WHAT THE EXERCISE ASKS:
In the entries below, find the line containing "La serata clou" and the line containing "阜陽華聯(lián)優(yōu)選 | 雀巢脆脆鯊全線產(chǎn)品滿38立減5". Copy those two lines and everything between them exactly, and only that.

STORED DATA:

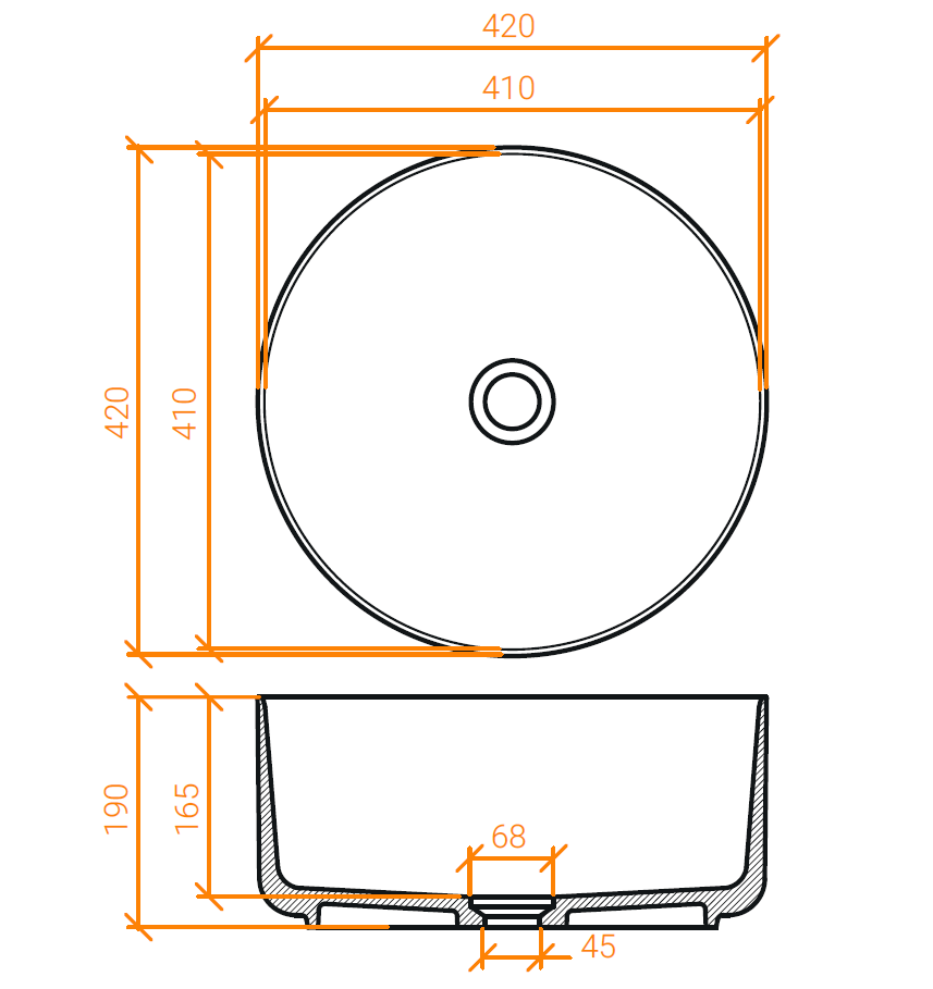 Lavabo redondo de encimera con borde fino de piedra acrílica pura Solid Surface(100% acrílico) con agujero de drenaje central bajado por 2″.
==
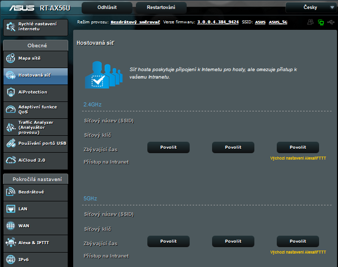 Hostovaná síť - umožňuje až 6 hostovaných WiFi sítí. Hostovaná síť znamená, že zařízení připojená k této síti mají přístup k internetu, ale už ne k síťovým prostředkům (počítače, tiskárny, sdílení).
* * *
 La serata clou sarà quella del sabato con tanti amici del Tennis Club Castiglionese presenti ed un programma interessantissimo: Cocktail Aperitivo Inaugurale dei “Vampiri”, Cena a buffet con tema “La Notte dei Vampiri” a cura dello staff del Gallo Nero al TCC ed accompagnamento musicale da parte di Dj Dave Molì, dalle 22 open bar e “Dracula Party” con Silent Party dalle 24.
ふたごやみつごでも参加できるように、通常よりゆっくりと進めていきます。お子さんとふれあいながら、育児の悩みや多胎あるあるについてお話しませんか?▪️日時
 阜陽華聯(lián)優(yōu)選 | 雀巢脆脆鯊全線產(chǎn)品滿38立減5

COMPLETED EXERCISE:
 La serata clou sarà quella del sabato con tanti amici del Tennis Club Castiglionese presenti ed un programma interessantissimo: Cocktail Aperitivo Inaugurale dei “Vampiri”, Cena a buffet con tema “La Notte dei Vampiri” a cura dello staff del Gallo Nero al TCC ed accompagnamento musicale da parte di Dj Dave Molì, dalle 22 open bar e “Dracula Party” con Silent Party dalle 24.
ふたごやみつごでも参加できるように、通常よりゆっくりと進めていきます。お子さんとふれあいながら、育児の悩みや多胎あるあるについてお話しませんか?▪️日時
 阜陽華聯(lián)優(yōu)選 | 雀巢脆脆鯊全線產(chǎn)品滿38立減5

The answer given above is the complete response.